Hamada in Shimane prefecture is a small city on the Japan Sea, and known for its attractive white sand beaches. Hamada was once a bustling port in the Middle Ages for trade with the Asian mainland, and today still has the area's only deep-sea harbor.
|Buddha made from fishing buoys, at Tadaji Temple, Shimane Prefecture|
The founder of Tadaji was a disciple of the great Japanese Buddhist priest, Kukai (774-835), the founder of the Shingon school of Buddhism that preserves the tantric form of Buddhism that has since died out in China. The founder accompanied Kukai to Tang China at the end of the 8th century, where they both studied under the Buddhist monk Huiguo. The founder returned to Japan in 806, two years before Kukai did, and in his subsequent wanderings settled on the current site as an auspicious location-which no doubt had something to do with the "magical" view. Here he established a temple, enshrining a golden statue of the Kannon, the goddess of mercy that he had brought back from China. Tadaji is also famous for having over sixty wooden Buddhas carved from drift timber.

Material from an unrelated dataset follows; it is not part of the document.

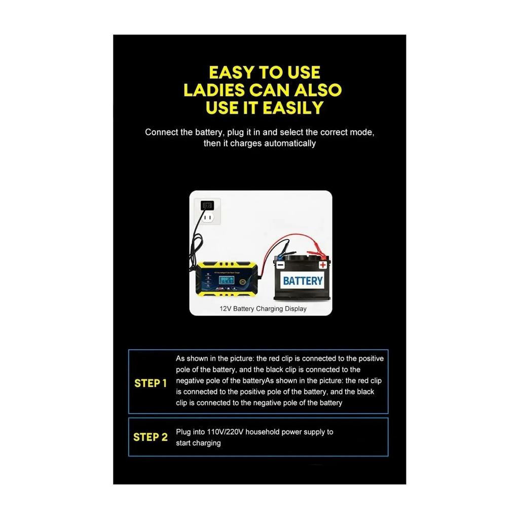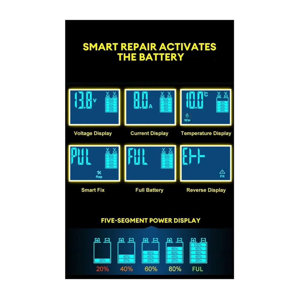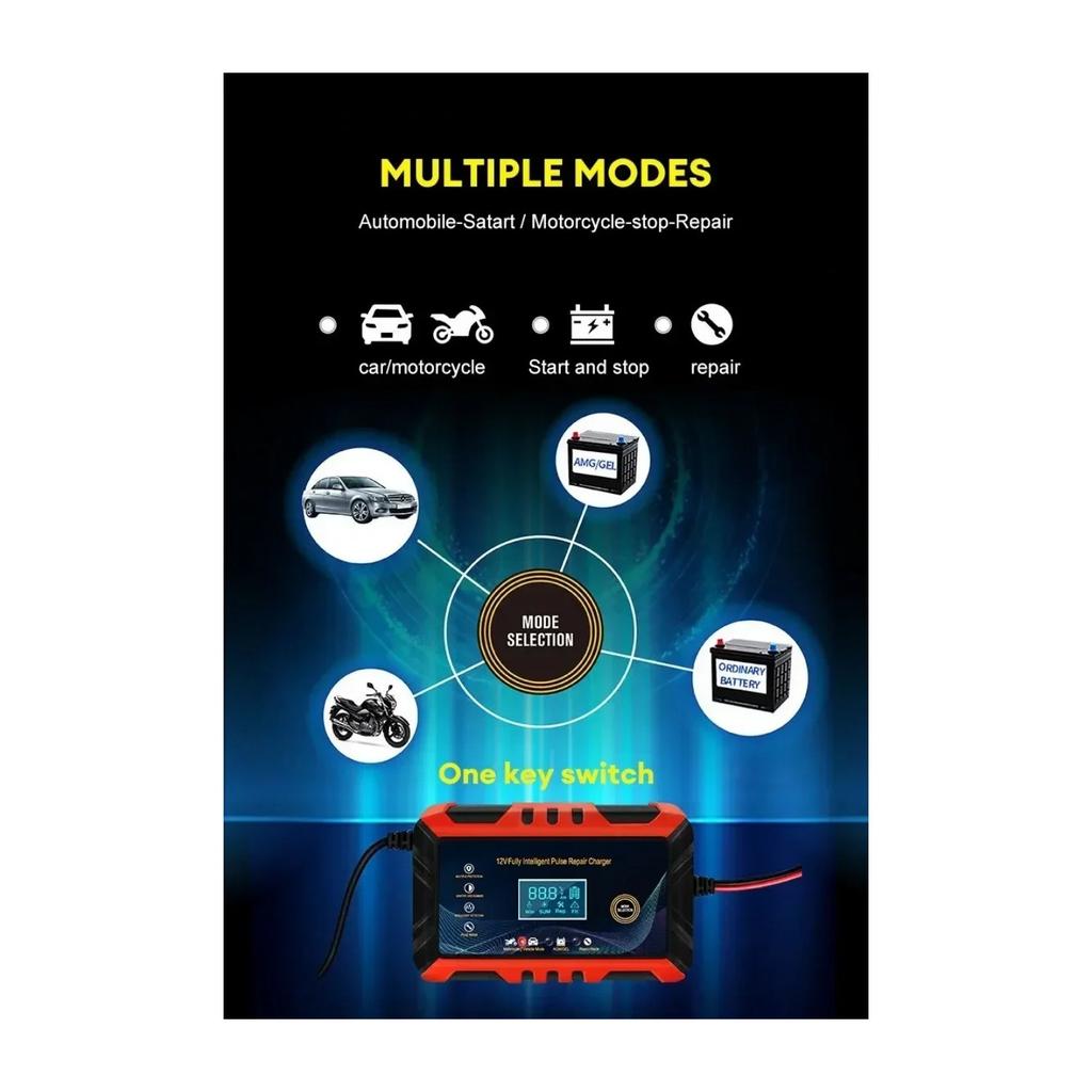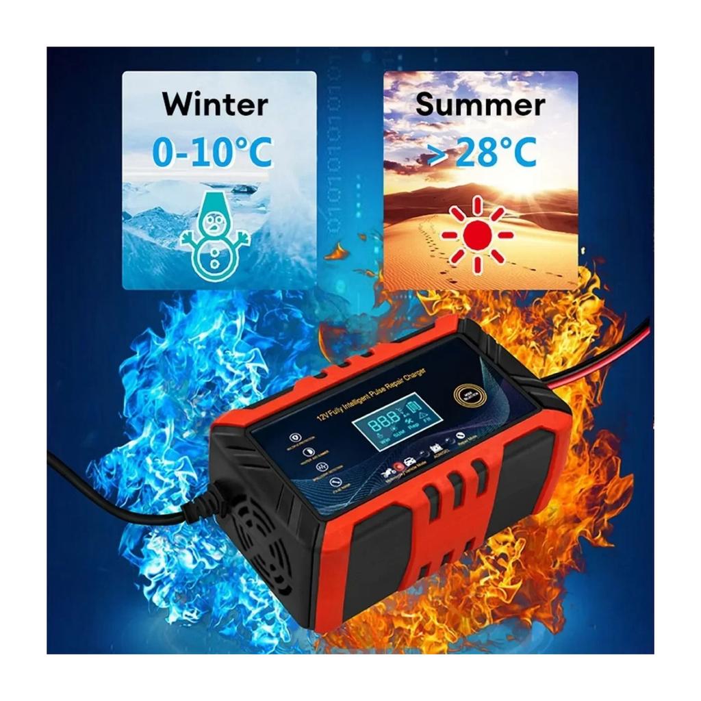 12 В интеллектуальное зарядное устройство для автомобильного аккумулятора - импульсный ремонт, ЖК-дисплей, подходит для автомобилей, мотоциклов, судов и водных мотоциклов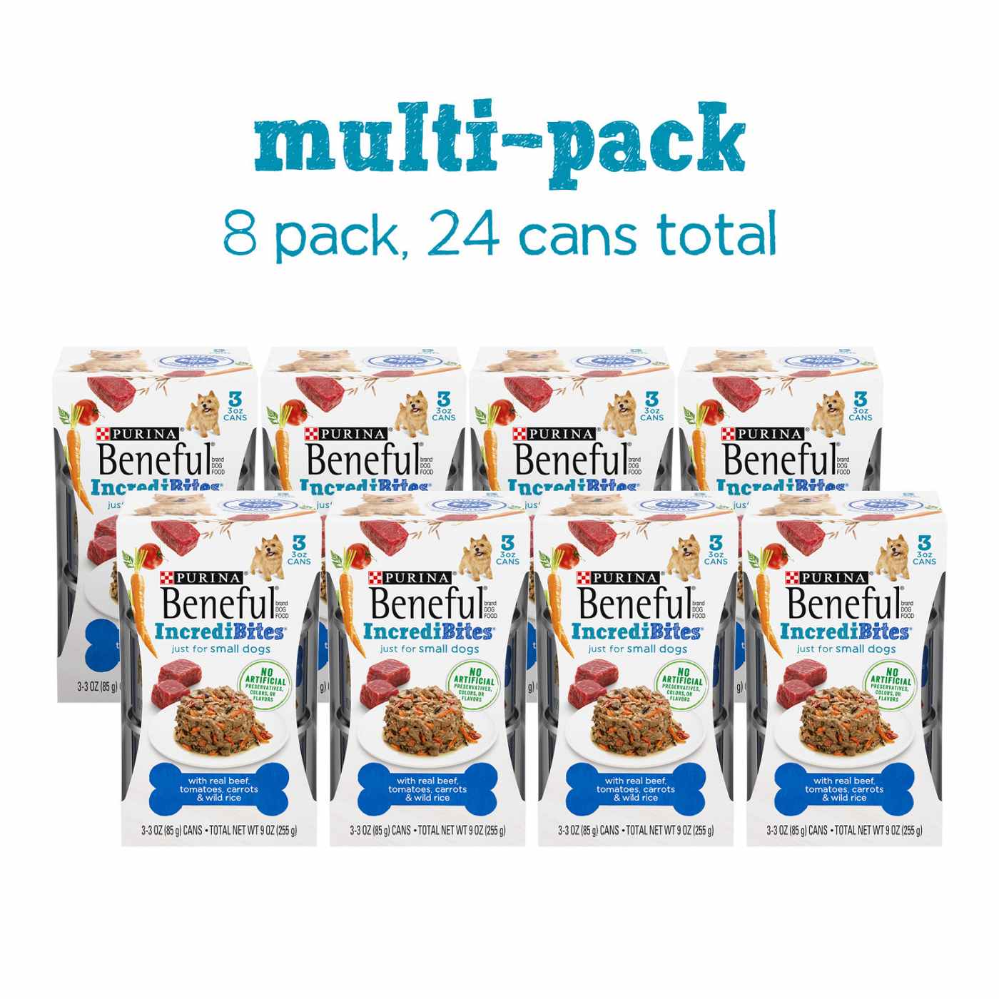 Give your little dog the taste he loves in tender, small bites perfect for his small mouth with Purina Beneful IncrediBites With Real Beef, Tomatoes, Carrots and Wild Rice adult wet dog food for small dogs. We craft this recipe using real beef and real vegetables and grains you can see to deliver a great-tasting meal made with no artificial colors, flavors or preservatives. Thoughtfully formulated for small breed dogs just like yours, this protein-rich recipe helps support strong muscles and his whole-body health. Since this recipe is 100 percent complete and balanced for adult dogs and contains 23 essential vitamins and minerals, you can feel confident that you're giving your best friend something that's good for him. With this Purina Beneful IncrediBites dog food for small dogs, he gets the delicious flavor and tender texture he craves paired with a touch of sauce for a delectable mealtime experience. Serve IncrediBites wet dog food for small breeds as a meal, or mix our recipes with his favorite dry kibble as dog food toppers for fun variety and more excitement in his bowl. We proudly produce this small dog food in Purina-owned, U.S. facilities for your assurance of high quality and safety.

The cute figurine pictured here was photographed at Tadaji Temple. Its face looks typical of a Buddhist image, as well as its arm and hand gestures, and it is standing on a lotus. The four characters on the doll: 平生往生, are pronounced hei-zei-oh-joh. This is originally a Buddhist phrase that means something like "All good things come to those who wait," or, more specifically, that attaining Buddhahood is a matter of living one's life normally, accruing virtue, and awaiting that moment of salvation. However, it has also come to take on the quite different meaning of "A stitch in time saves nine."
The saying originated in the teachings of Shinran (1173-1263), the monk who founded the Jodo Shinshu sect of Buddhism. Jodo Shinshu has an especially strong following in western Japan: specifically Hiroshima, Yamaguchi, Shimane, and Oita, so is especially well-known in these prefectures. Although Tadaji Temple belongs to the Shingon sect, not Jodo Shinshu, apparently the phrase is an intimate enough part of the culture to appear even in a Shingon Buddhist temple without seeming odd.